On Sunday, British PM Boris Johnson will be announcing the UK government’s nudging plans for ending the country’s COVD-19 lockdown, and warned that recent media reports of easing restrictions was “not a reliable guide”. Scotland said that its lockdown will be extended and Northern Ireland said there was “no headroom” yet to ease the lockdown.
Despite the fact that the crisis had already peaked on April 8th – one full month ago, Downing Street is still insisting that lockdown measures cannot not be lifted ‘until changes can be safely made’. On Sunday, Johnson will unveil his ‘roadmap’ to exit lockdown, which appears to be designed to buy more time while the government figures out how to undo some of the damage done by the panic policy was initiated since March.
Former Governor of the Bank of England, Mervyn King, warned the government that there could be a “rebellion” if failing lockdown measures are not lifted soon.
The biggest problem now for the UK government is the fact that non-lockdown states like Sweden have already passed through the crisis without having to suspend rights and democracy and implode their economy and society. In other words, non-lockdown nations have achieved equal or better results than lockdown countries like the UK – without all of the unnecessary collateral damage.
Can the government exit this debacle without losing face?
Jack Hardy reports….
The architect of Sweden’s coronavirus strategy has claimed the UK’s lockdown has been largely “futile” in containing the virus. Johan Giesecke, a state epidemiologist who advises the World Health Organisation, said the UK’s death toll suggested instating harsh social restrictions was not the best method of tackling the pandemic.
Sweden has so far refused to impose the type of lockdown seen in other European countries, keeping many schools, restaurants and businesses open.

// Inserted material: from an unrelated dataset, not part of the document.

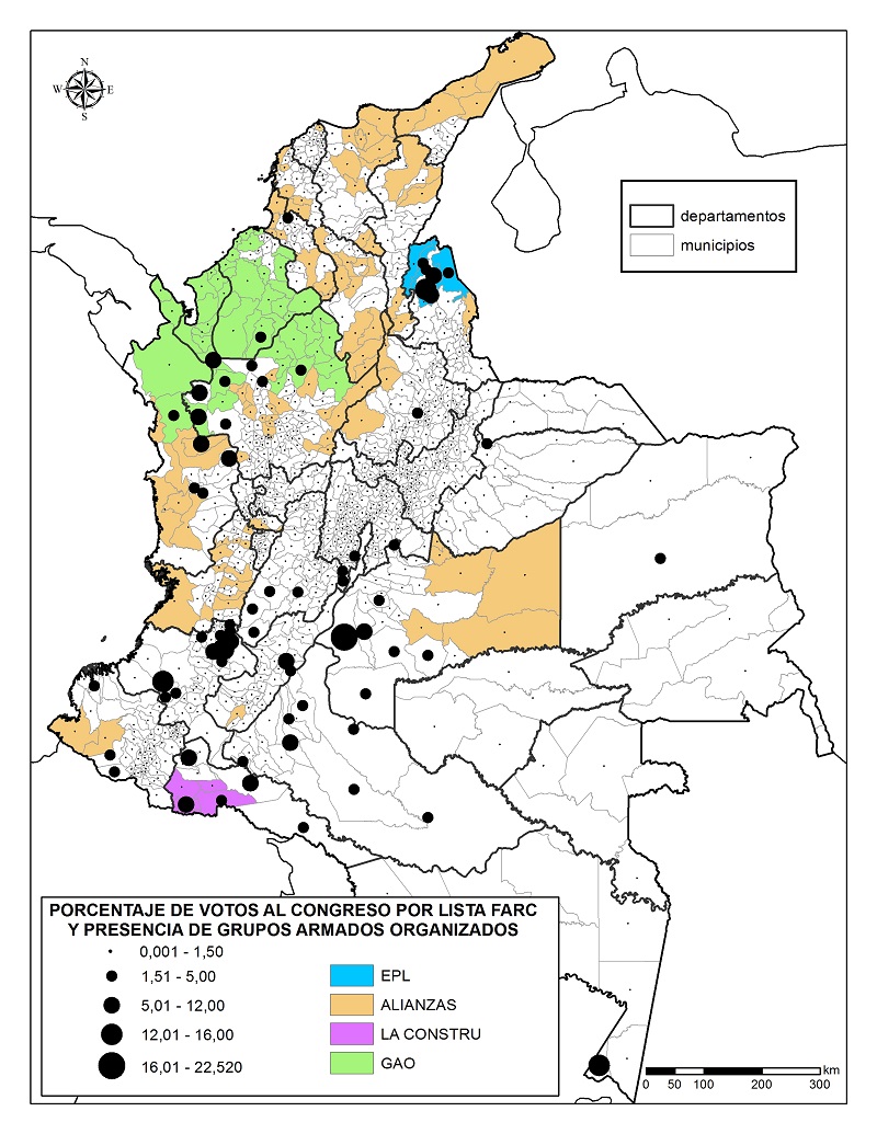 De los 164 municipios con presencia de GAO, 146 registraron votación por el nuevo partido FARC, es decir, en 89% de los casos los GAO no configuraron un obstáculo para el registro de votos por los excombatientes. Es más, en 47,26% de los municipios con presencia de GAO, el nuevo partido obtuvo más de 1,5% de la votación. En el Catatumbo, por ejemplo, a pesar de la presencia del EPL, la FARC logró porcentajes de votación entre 5 y 12% en el ámbito municipal. De manera similar, en el Bajo Putumayo, a pesar de la presencia de la organización La Constru, la FARC alcanzó porcentajes entre 5 y 12% a su favor. Asimismo, en municipios de influencia de las Autodefensas Gaitanistas o Clan del Golfo, ubicados en el Occidente de Antioquia y el Nororiente chocoano, la FARC logró porcentajes de votación de más de 11%. Con base en estos datos, sería discutible que la presencia de grupos armados organizados sea en todos los casos un impedimento para la participación política de la FARC.
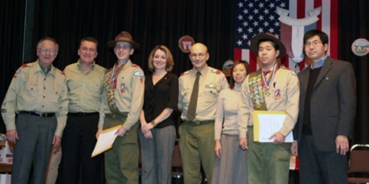 State Senator Frank Padavan (Queens) honored a pair of new Eagle Scouts from Troop 1 during a Court of Honor ceremony at Temple Beth Sholom in Flushing on Saturday February 7, 2009. Padavan presented the pair of young leaders with the New York State Senate Medal of Achievement and a Certificate of Merit in recognition of their accomplishments. Two years ago, Padavan was named as an honorary member of Troop 1, joining New York Yankee and baseball legend Babe Ruth as the only two individuals to be bestowed with the honor. Senator Padavan joins with (left to right) James Shannon, New Eagle Scout James Shannon Jr., Nancy Shannon, Troop 1 Scoutmaster Jack Baer, Wendy Lam, New Eagle Scout Ken Chan and Sin Chiu Chan following Troop 1’s Court of Honor ceremony on Saturday afternoon February 7, 2008.

The UK’s death toll is more than 10 times that of that in Sweden, where fewer than 3,000 people have been killed by Covid-19 to date.
Referring to the high coronavirus death toll across UK care homes, Prof Giesecke said: “A hard lockdown does not protect old and frail people living in care homes – a population the lockdown was designed to protect.

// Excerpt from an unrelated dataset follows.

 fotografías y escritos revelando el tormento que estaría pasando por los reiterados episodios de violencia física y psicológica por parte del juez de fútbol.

“Neither does it decrease mortality from Covid-19, which is evident when comparing the UK’s experience with that of other European countries.”
Britain’s lockdown strategy “only pushes the severe cases into the future” and has not prevented them, Prof Gieseck argued, adding: “There is very little we can do to prevent this spread. A lockdown might delay severe cases for a while but, once restrictions are eased, cases will reappear.”
He said most people infected with Covid-19 are healthy and young, and it is in this section of the population that the “real pandemic” is occurring.
Despite resisting strict lockdown measures, Sweden’s Public Health Institute estimated that the country’s ‘R’ number – the number of people each infected person passes the virus to – fell from 1.4 at the start of April to 0.85 at the end of the month.
Professor Giesecke has previously been critical of the pandemic modelling produced by the Imperial College London team led by Professor Neil Ferguson.
He suggested Prof Ferguson’s projected death tolls were too pessimistic and rejected suggestions that Sweden will see a mounting mortality rate, saying in a Swedish newspaper interview: “On the contrary, I think it will go down.”